1943 : Lettre de l'école repliée à Béziers.


Une lettre de l’École des Andelys repliée à Béziers.
Lors du conseil municipal de la ville des Andelys du 23 octobre 1943,
Monsieur le maire donne communication d’une lettre de M. Sarrazin, directeur de l’Établissement d’éducation des Andelys, replié à Béziers, lui adressant l'ordre du jour suivant :
“ En prenant aujourd’hui la direction effective de l’Établissement d’éducation des Andelys, je salue la mémoire des anciens élèves morts pour la Patrie ; j’adresse un souvenir ému aux professeurs et aux cadres d’autrefois, dont l’enseignement exemplaire et le zèle désintéressé ont su créer d’abord, puis maintenir et propager, l’esprit de corps dont les enfants de troupe sont si fiers ; je songe aussi, non sans mélancolie, à la ville martyre des Andelys marraine de l’École qui, malgré ses récents malheurs, n’oublie pas la turbulente mais enthousiaste jeunesse qui animait ses rues et qui, je le sais par les rapports d’amis fidèles, attend avec impatience son retour ; je m’incline enfin devant le drapeau de l’École, symbole glorieux de tous les sacrifices consentis par les successive générations d’élèves, âme vivante et collective de ce que  la France possède de meilleur.
Et voici venu le moment ou, sans l’avoir recherché m’échoit le redoutable honneur de poursuivre l’oeuvre de mes prédécesseurs et dans des circonstances exceptionnelles, ou les difficultés accumulées nécessitent une vigilance de tous les instants.
Au plus fort de la tempête qui secoue le navire et menace de le briser contre les écueils, j’ai reçu la mission de lui servir de pilote et de le conduire à bon port. Cette mission, je suis décidé à la remplir.

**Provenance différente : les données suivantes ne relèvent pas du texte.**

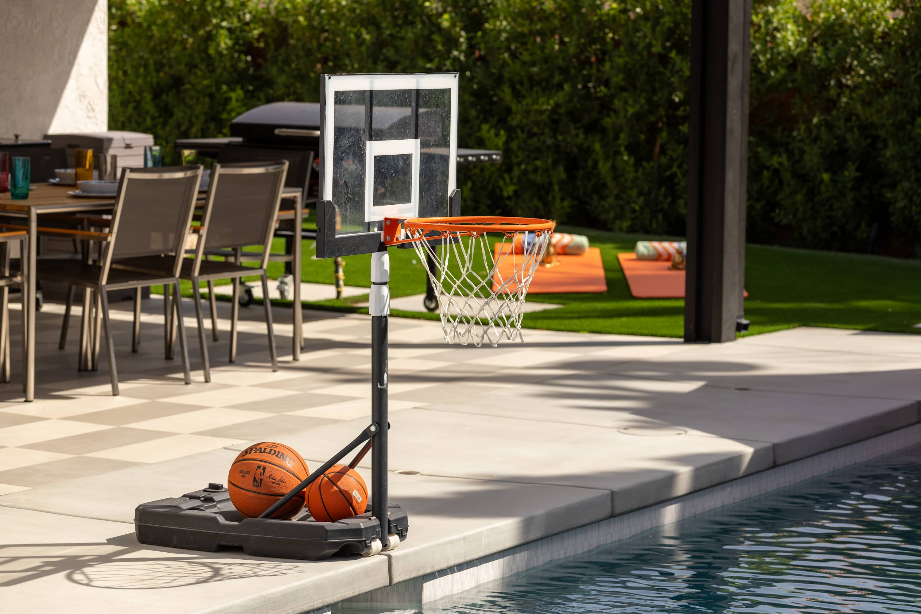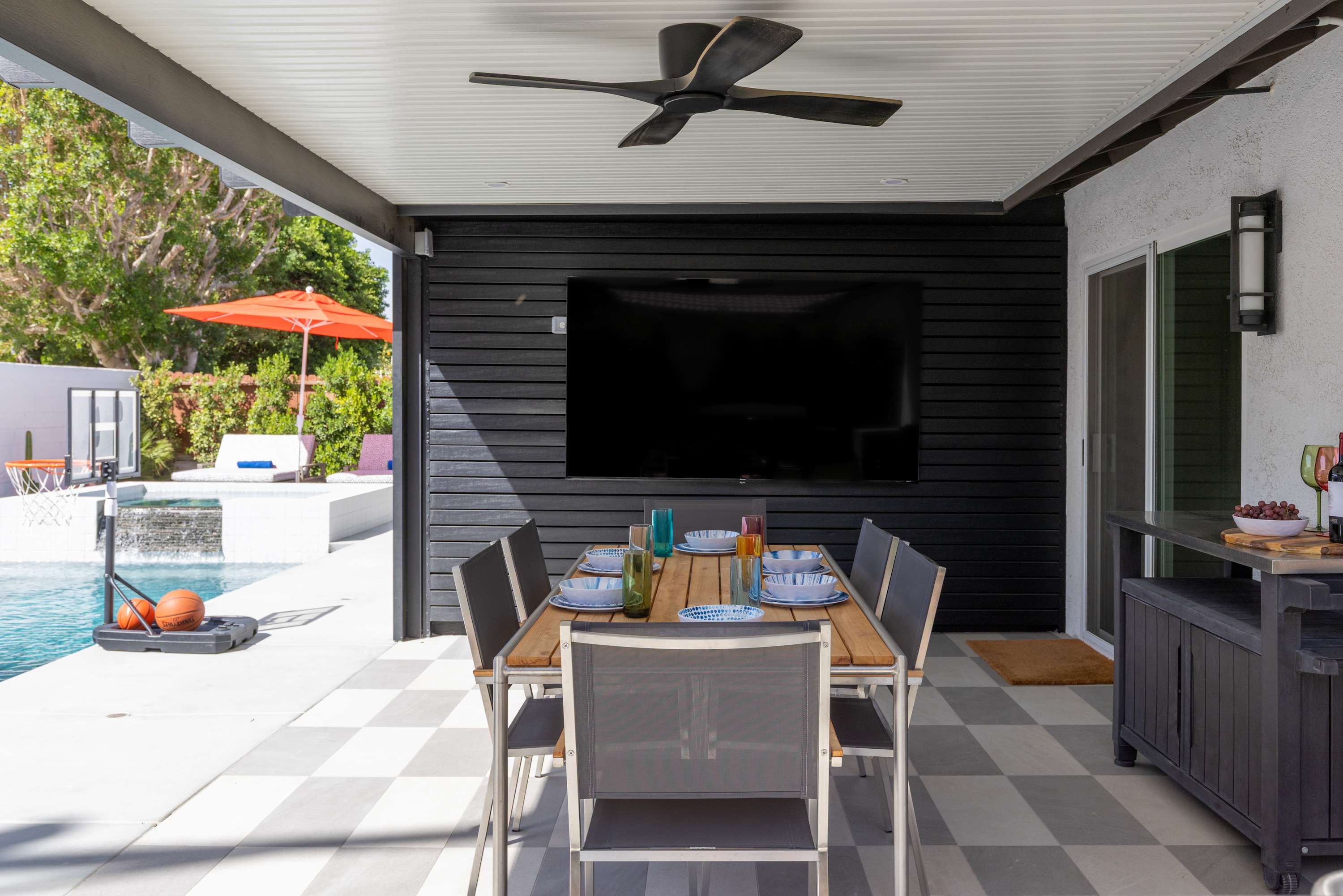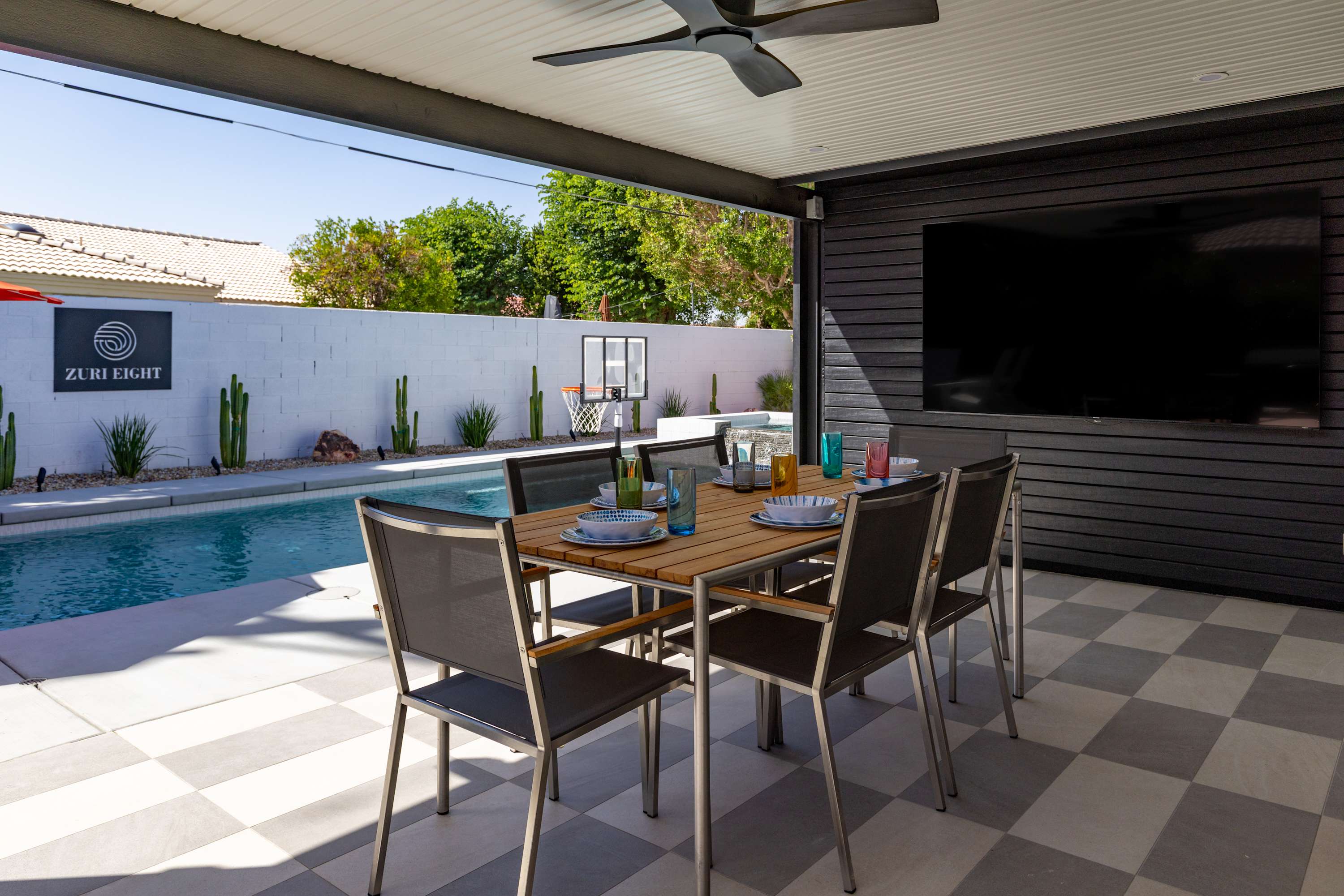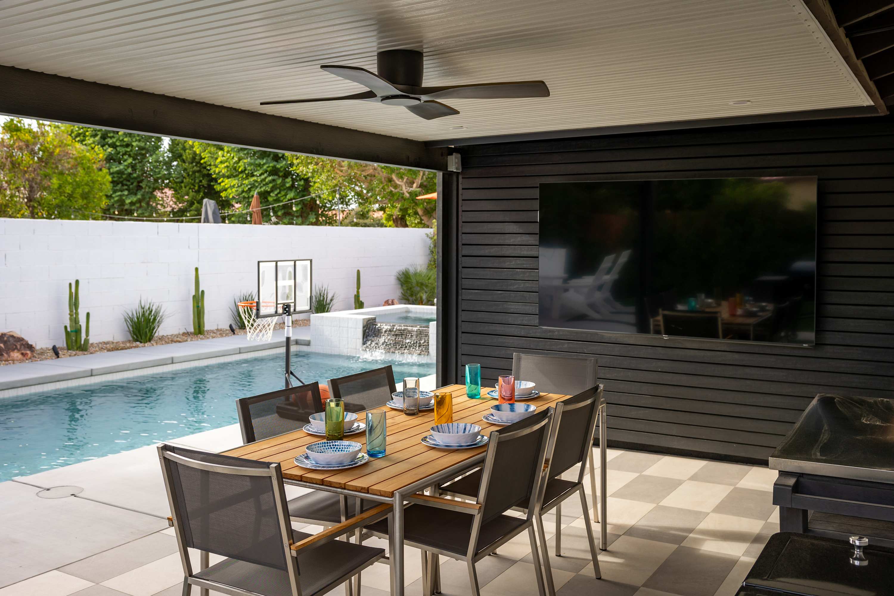 🎬 Poolside Movie Experience – Swivel the 85” outdoor TV toward the pool, float beneath the stars, and enjoy your favorite movie or game on the big screen.
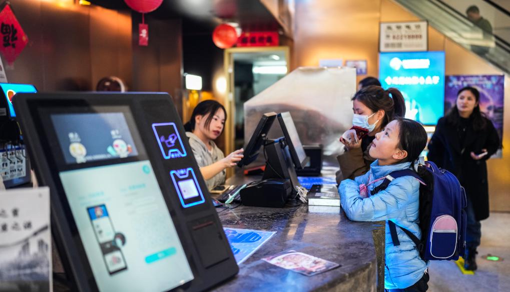 ??2月18日,小朋友在貴陽(yáng)市云巖區(qū)益田國(guó)際影城選購(gòu)電影票。新華社記者 陶亮 攝
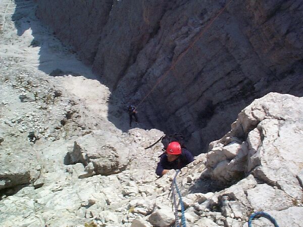 Závěrečný úsek na Cima Picola. Za Pepou vůdce v převislém slanění.

Mais je me sentirais impuissant, si je ne pouvais espérer trouver parmi mes collaborateurs, à quel degré de la hiérarchie qu’ils appartiennent, le dévouement absolu qui, seul dans une période critique, vient à bout des obstacles.

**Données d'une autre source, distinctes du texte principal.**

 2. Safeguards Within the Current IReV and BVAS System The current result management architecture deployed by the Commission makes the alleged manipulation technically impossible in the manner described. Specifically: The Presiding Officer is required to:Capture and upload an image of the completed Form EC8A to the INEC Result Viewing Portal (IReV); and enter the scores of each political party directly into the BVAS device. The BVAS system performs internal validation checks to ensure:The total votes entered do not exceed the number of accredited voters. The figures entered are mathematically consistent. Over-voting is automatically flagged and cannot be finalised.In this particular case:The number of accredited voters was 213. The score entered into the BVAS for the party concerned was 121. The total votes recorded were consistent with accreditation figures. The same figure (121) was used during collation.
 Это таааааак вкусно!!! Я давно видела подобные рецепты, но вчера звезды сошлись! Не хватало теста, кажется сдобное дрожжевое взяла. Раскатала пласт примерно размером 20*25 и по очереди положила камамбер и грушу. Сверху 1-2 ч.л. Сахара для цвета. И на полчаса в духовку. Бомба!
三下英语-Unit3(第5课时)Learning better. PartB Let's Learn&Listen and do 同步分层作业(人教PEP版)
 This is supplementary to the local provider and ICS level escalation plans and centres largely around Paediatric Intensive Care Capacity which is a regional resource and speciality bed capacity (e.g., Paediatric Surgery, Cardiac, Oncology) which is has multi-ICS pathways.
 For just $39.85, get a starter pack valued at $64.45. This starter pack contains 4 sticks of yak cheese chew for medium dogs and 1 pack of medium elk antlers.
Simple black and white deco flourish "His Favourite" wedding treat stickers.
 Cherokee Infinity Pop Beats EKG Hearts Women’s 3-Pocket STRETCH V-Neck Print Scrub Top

Je compte également sur le cœur généreux des élèves, sur leur compréhension des événements qui bouleversent le monde, pour rendre plus aisée une tâche dont dépend le sort de l’École, pour se préparer, dès maintenant, grâce à leur travail intelligent et à leur esprit de discipline, au rôle de restaurateurs de la France meurtrie et à lui rendre le rang auquel elle a droit parmi les grandes nations.
Donc, tous à l’ouvrage, tous derrière moi dans un sentiment d’union et de concorde et l’École vivra.”
Signé: A.Sarrazin
Directeur
Le Conseil donne acte à Monsieur le maire de cette communication.
Et après en avoir délibéré, décide à l’unanimité de demander à M. le Préfet de bien vouloir être son interprète auprès de MM les sous-secrétaires d’État à l’Éducation nationale et à la Guerre en vue d’obtenir le retour rapide en notre ville de l’Établissement d’éducation des Andelys replié à Béziers et de l’ouvrir aux enfants de notre malheureuse population civile si durement éprouvée par la guerre ; faisant ainsi cesser la situation paradoxale d’une sous-préfecture constituant un centre d’attraction important privé de tout moyen d’instruction (mot supprimé) ou primaire supérieure. Les moyens de communications précaires de notre époque rendent cet état de choses plus génant que par le passé, obligeant à envoyer les enfants dans de grands centres urbains où ils sont exposés aux risques de la guerre et entraînant pour les parents des frais auxquels ils ne sont pas toujours en mesure de faire face.